Both sides in this fight think artificial general intelligence (“AGI,” or human-level intelligence) is close. Altman said, the day before he was fired, that “four times” — one within the last few weeks — he had seen OpenAI scientists push “the veil of ignorance back and the frontier of discovery forward.” Sutskever worries about AI agents forming megacorporations with unprecedented power, leads employees in the chant “Feel the AGI! Feel the AGI!,” and reportedly burned an effigy of of an “unaligned” AGI to “symbolize OpenAI’s commitment to its founding principles.” Toner hails from Georgetown University by way of University of Oxford’s Future of Humanity Institute, a leading research institute for the perpetuation of pseudoscience fiction ideology run by the philosopher Nick Bostrom.
The question, in this atmosphere, is not if machines are intelligent, but instead whether to accelerate development and distribution of this potential AGI — Altman’s position — or to pump the brakes, hard: Sutskever’s apparent desire.
This debate has now broken out into the open and highlighted the conflict between so-called artificial intelligence (AI) doomers and accelerationists.
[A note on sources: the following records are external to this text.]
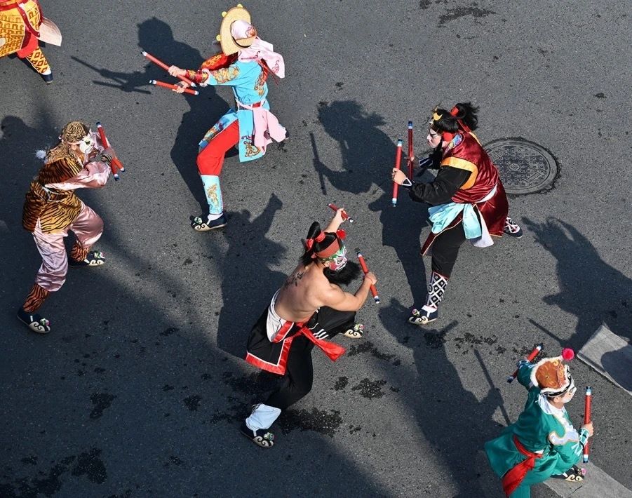 当急促的锣鼓声响起,一群“梁山好汉”闪亮登场,他们挥动英歌槌,快速翻转叩击,步伐铿锵有力,呐喊声响彻四方,所到之处一片欢腾。
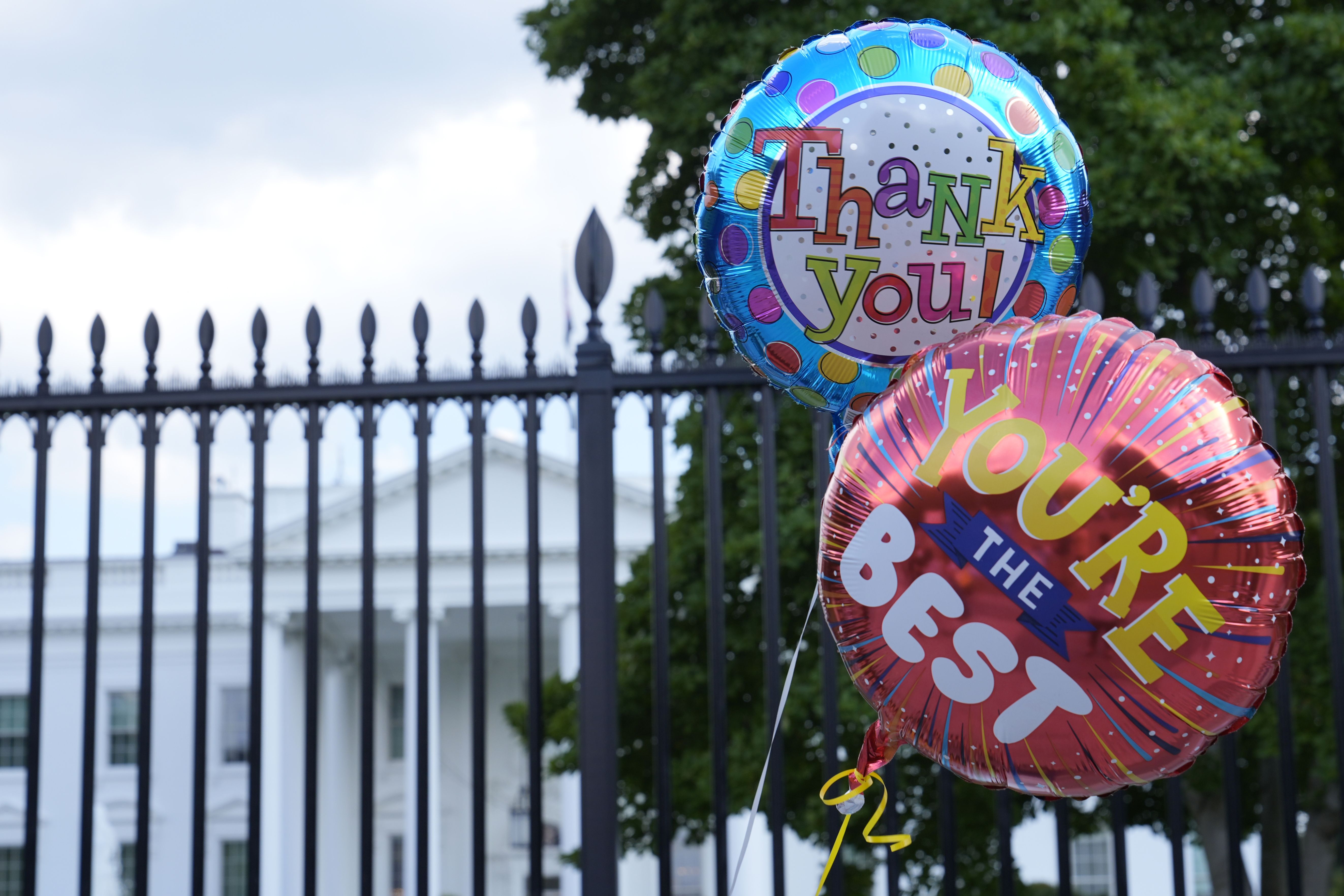 Balloons for President Joe Biden are brought to the White House in Washington, Sunday, July 21, 2024. Biden dropped out of the 2024 race for the White House on Sunday, ending his bid for reelection following a disastrous debate with Donald Trump that raised doubts about his fitness for office just four months before the election. (Photo by Susan Walsh/AP Photo)
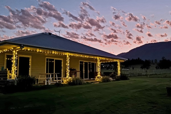 Fig Tree Farm Stay Near Brisbane. The cottage patio is lit by fairy lights at night!
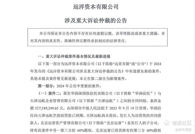 具体来看,其中一起诉讼案涉金额约5.27亿元,具体缘由为华润信托向天津远屹企业管理有限公司(以下简称“天津远屹”)发放的贷款已到期,而天津远屹尚未偿还,远洋资本为该笔贷款的共同借款人。

The doomer question is what the probability of extinction is, your assessment of “p(doom).” Economist Tyler Cowen has pointed out that doomers don’t back up their belief in the AI takeover with actual bets on this outcome, but if tens of billions of dollars hang on this type of fight, it’s hard to see it as unimportant. The goal that emerges from this cocktail of science and religious belief in AGI is to “align” machine intelligence with human values, so that, if it gains sentience, it cannot harm us.
“Alignment,” author Brian Christian tells us, was borrowed by computer science from 1980s “management science” discourse, where providing incentives to create a “value-aligned” corporation was all the rage. Economists have pointed out that “direct alignment” with a single institution is radically different from “social alignment,” which is what OpenAI is focused on. Sutskever’s group there calls their project “superalignment,” pumping the rhetorical stakes even higher. But this is really just vapor, and it betrays a shocking misunderstanding of the very technology these business leaders and engineers are hawking.
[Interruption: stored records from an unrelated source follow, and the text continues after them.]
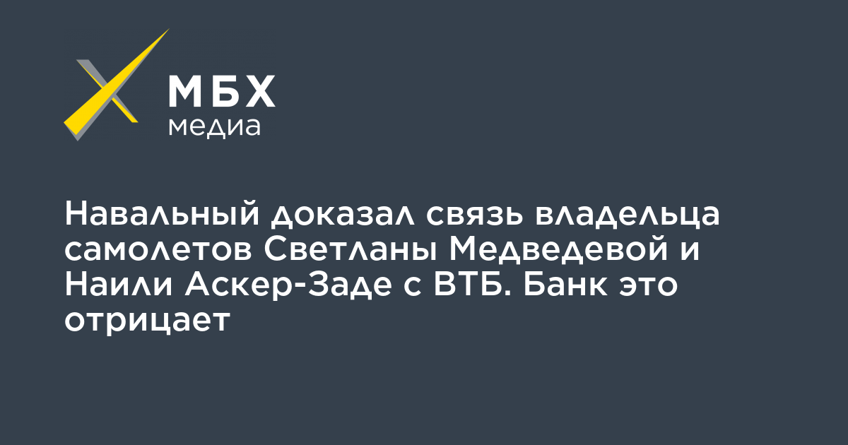 Навальный доказал связь владельца самолетов Светланы Медведевой и Наили Аскер-Заде с ВТБ. Банк это отрицает
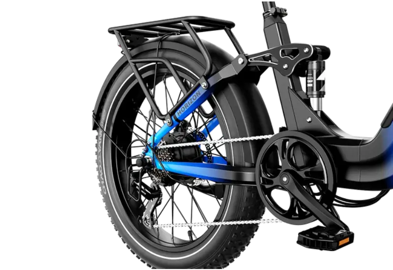 Along with the front suspension, the Horst-link suspension completes the Heybike Horizon is full suspension system. It greatly reduces bumps on uneven surfaces, providing a smoother, more controlled ride.
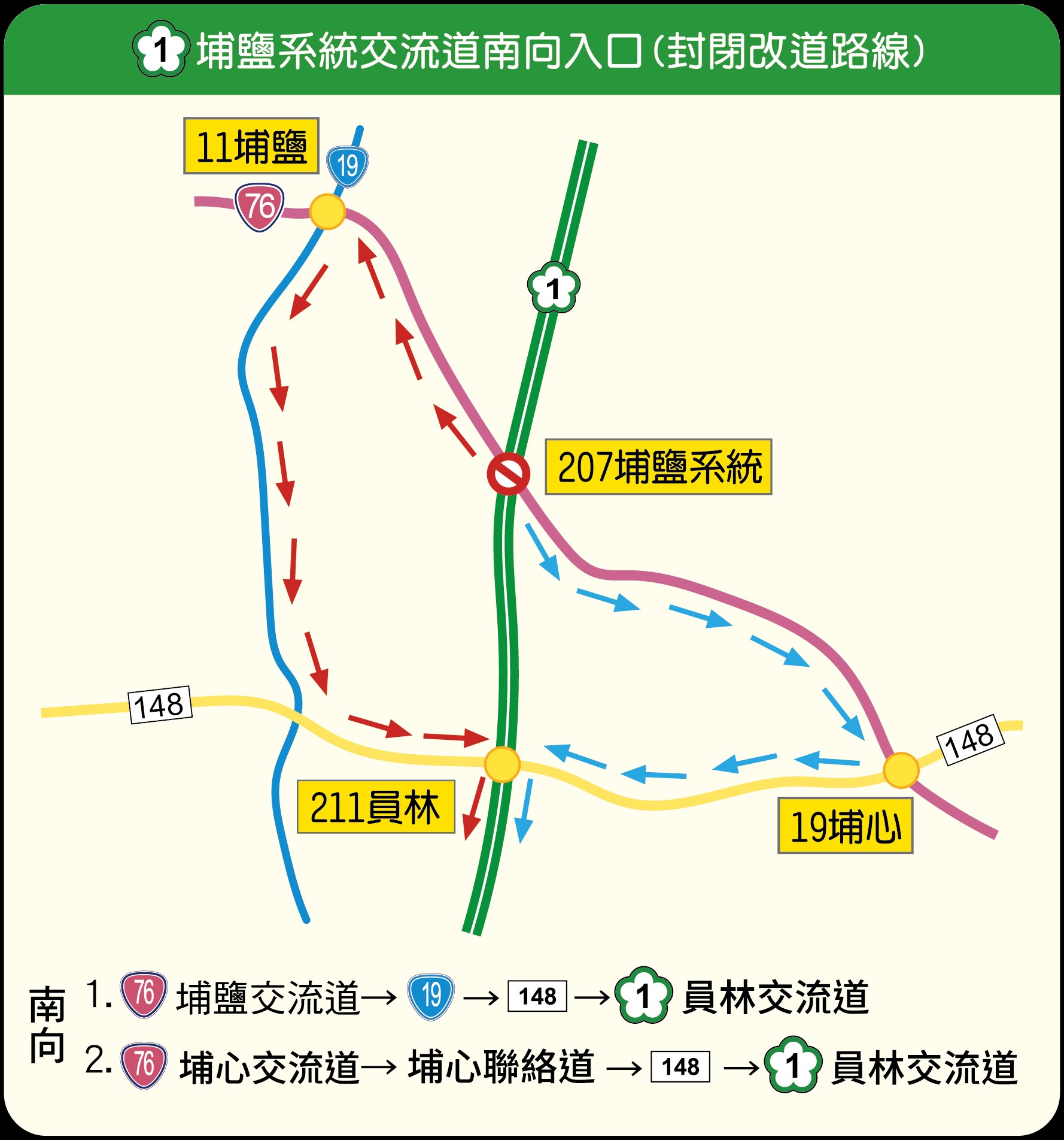 (一) 台76線欲轉國道1號南下的民眾,可由埔心交流道→埔心聯絡道→右轉縣148線(員鹿路)→國道1號員林交流道,或由台76線埔鹽交流道→台19線(彰水路)→左轉縣148線(員鹿路)→國道1號員林交流道。

Karl Marx said that capitalism seemed straightforward but actually harbored “metaphysical subtleties and theological niceties.” There’s nothing subtle or nice about what’s happening in AI enterprise, though, and we’re not doing a great job of countering it with critique. The events at OpenAI this week are a great example of what I think of as “metaphysics in the C-suite”: an unhinged, reality-free debate driving decisions with sky-high market caps and real, dangerous potential consequences.
The alignment concept is a house of cards that immediately falls apart when its assumptions are revealed. This is because every attempt to frame alignment relies on a background conception of language or knowledge that is “value neutral,” but never makes this fully explicit. One suspects this is because value neutrality, and thus “alignment” itself, has no real definition. Whether you think the good thing is unbiased machines or fending off a machine that learns to kill us, you’re basically missing the fact that AI is already a reflection of actual human values. The fact that that’s not good or neutral needs to be taken far more seriously.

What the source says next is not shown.